When Nature Wakes Up
The Himalayas are watching. The rivers are watching. The forests are watching. The animals that we have displaced, hunted, and erased are watching.
And maybe — just maybe — they are waiting for us to realise what we have done before they are forced to respond. Because nature does not ask for much. It asks only for love and care. It asks only that we take what we need and give back what we can. It asks only that we remember that we are part of it, not separate from it. Not above it. But we have forgotten. And in forgetting, we have become the enemy. What if the Himalayas wake up tomorrow? What if every river that we have contaminated rises in anger? What if every forest that we have cut down stops giving us the oxygen we need to breathe? We call that disaster. We call that catastrophe. But nature would simply be calling it balance.

The Choice That Remains
We still have a choice. Not much of one, and the window is closing. But it is still there.

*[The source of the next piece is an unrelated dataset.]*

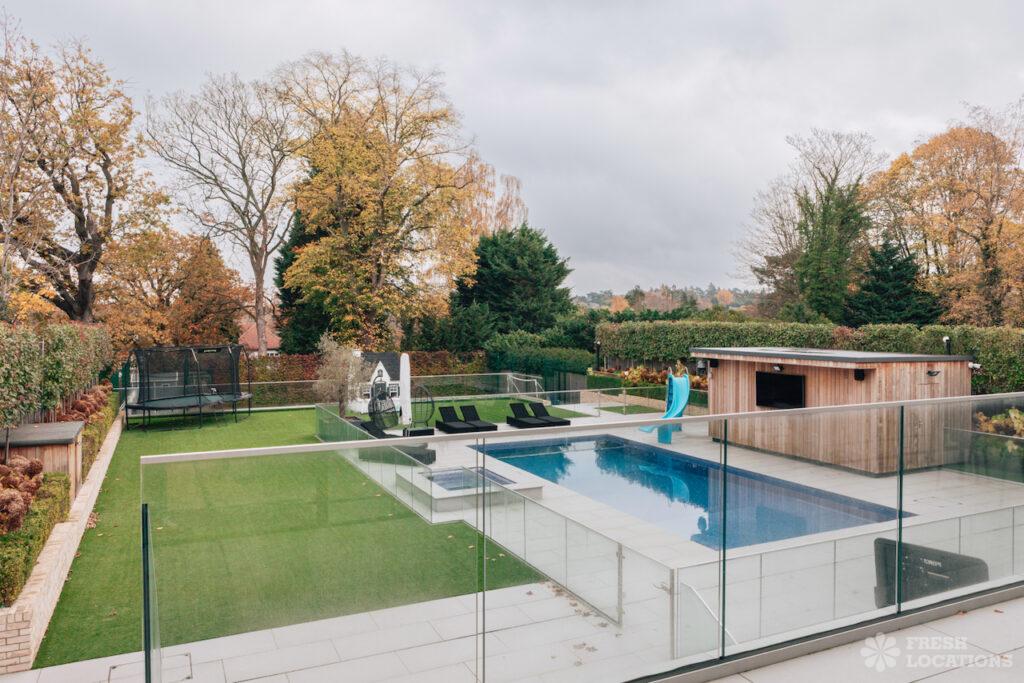 A beautiful detached house shoot location in Bromley featuring four bedrooms and three bathrooms. This elegant family home includes a large outdoor swimming pool, a …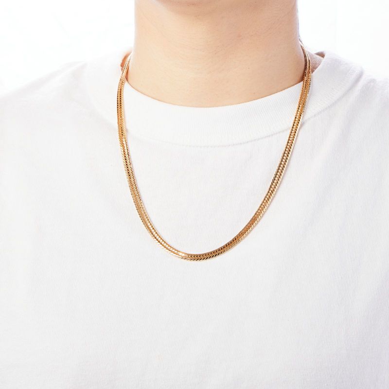 上下左右にカットを施した12面カット喜平です。K18イエローゴールドの輝きを楽しんで頂けます。シンプルなチェーンはユニセックスにご愛用いただけます。独立行政法人造幣局の検定マーク(※ホールマーク)入り。

We can choose to see development differently. Not as the conquest of nature, but as the coexistence with it. Not as progress at any cost, but as progress that costs less than our survival. We can choose to remember that the Himalayas are not sleeping. That nature is not patient forever. That the language it speaks — love and care — is the only language worth learning. We can choose to wake up before nature has to. Or we can continue as we are. Cutting trees. Poisoning rivers. Erasing animals. Calling it development. And waiting for the day when nature — finally tired, finally broken, finally cruel — wakes up and shows us what real destruction looks like.
The choice is ours. For now.

Author’s Note: Nature understands only the language of love and care. We have spoken only the language of destruction. And we are running out of time to learn to speak differently.